In 2011, the collapse of the Bloc led to an orange crush, handing the NDP Official Opposition status for the first time. Many credit the charisma of the cane-holding Jack Layton, as part of that alchemy.

But following his death, Elizabeth May attended to a packed campus auditorium at the University of Winnipeg, as she often does across the country.

And on this occasion, a young man got up to tell the crowd and May a heartfelt remark: “You’re the next Jack Layton.”

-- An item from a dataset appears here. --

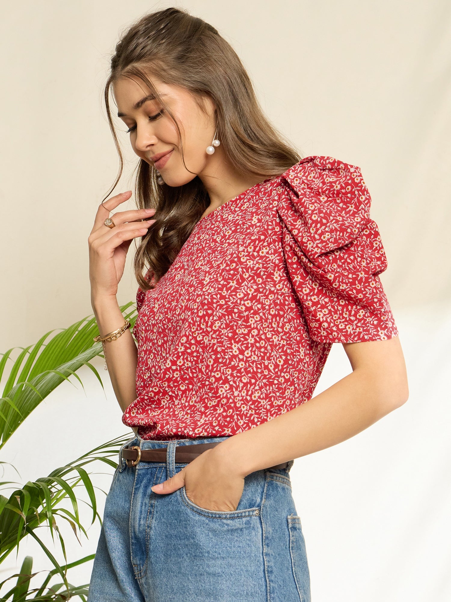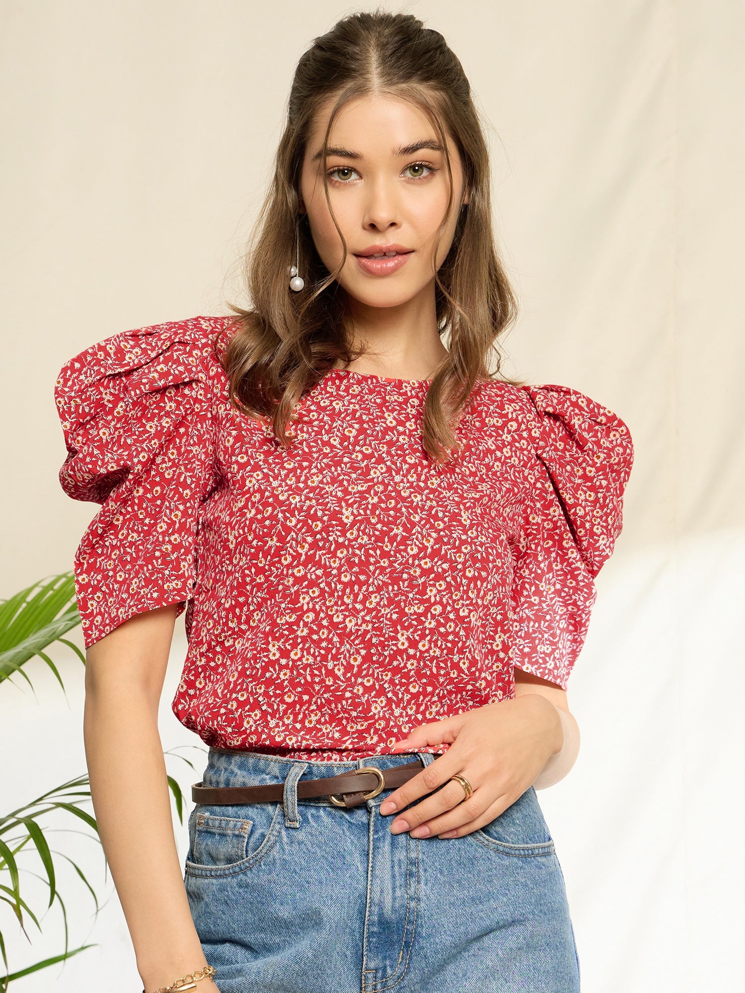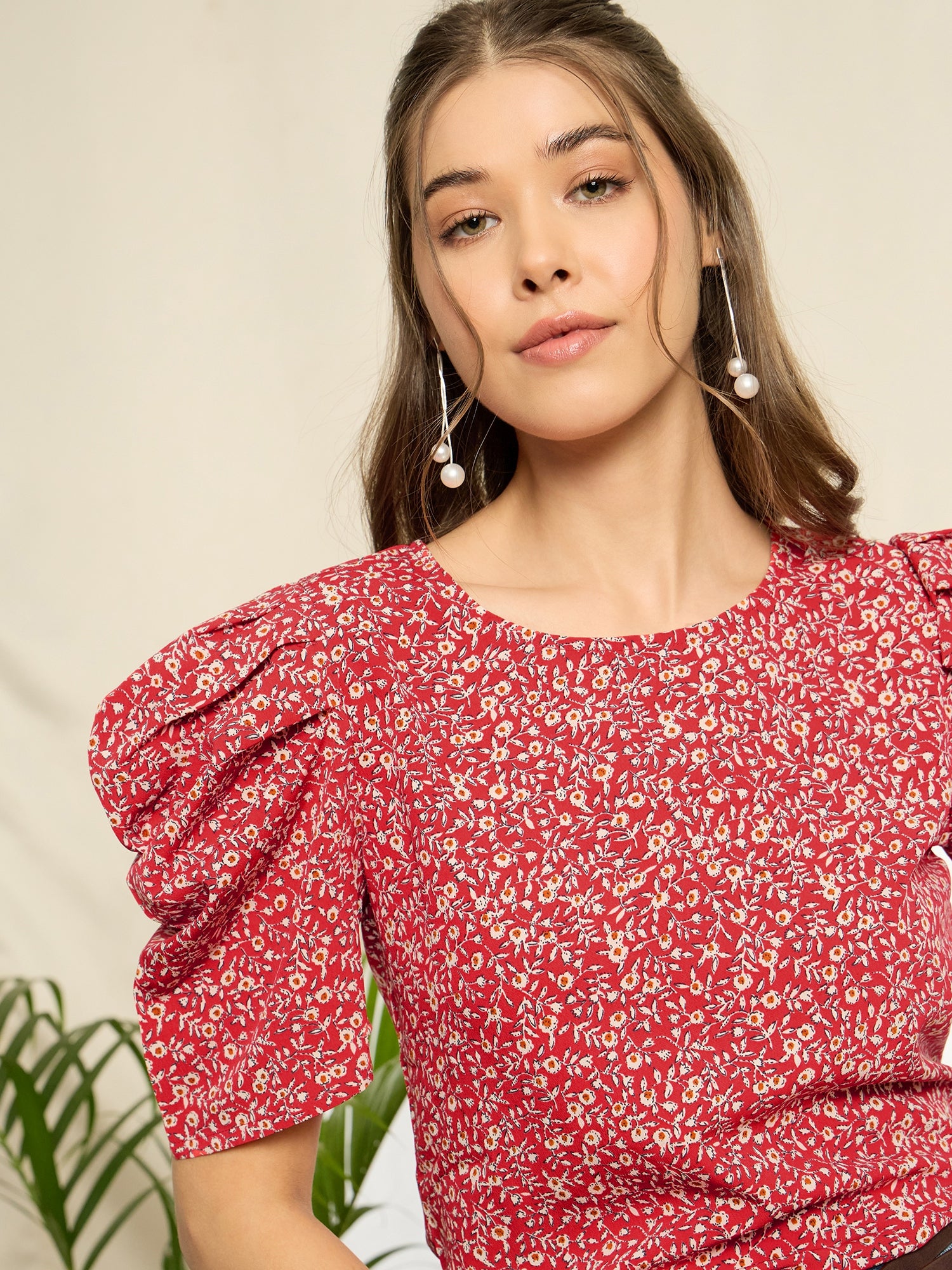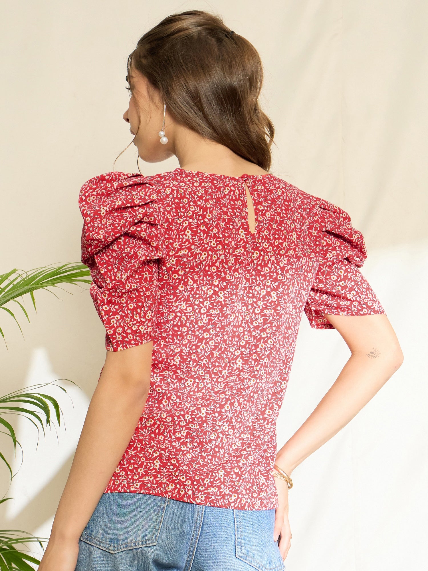 Berrylush Women Red & White Floral Printed Round Neck Puff Sleeves Back Button-Up Keyhole Regular Top

Greens are pitching: social and climate justice, evidence-based decisions, and electoral reform to see more coalitions, instead of one-party majority governments.

Greens are also the only party proposing a moratorium on oil sands expansion.

Nationally, the EKOS poll found voter support like so:

  • 32.2% Conservative Party
  • 31.3% Liberal Party
  • 19.9% NDP
  • 9.0% Green Party
  • 4.6% Bloc Québécois
  • 3.1% Other

The poll was commissioned by iPolitics, and reached 3,241 people, and is considered accurate +/- 1.7%.

In the coming days, we will have a riding profile on all candidates in this must-watch riding race.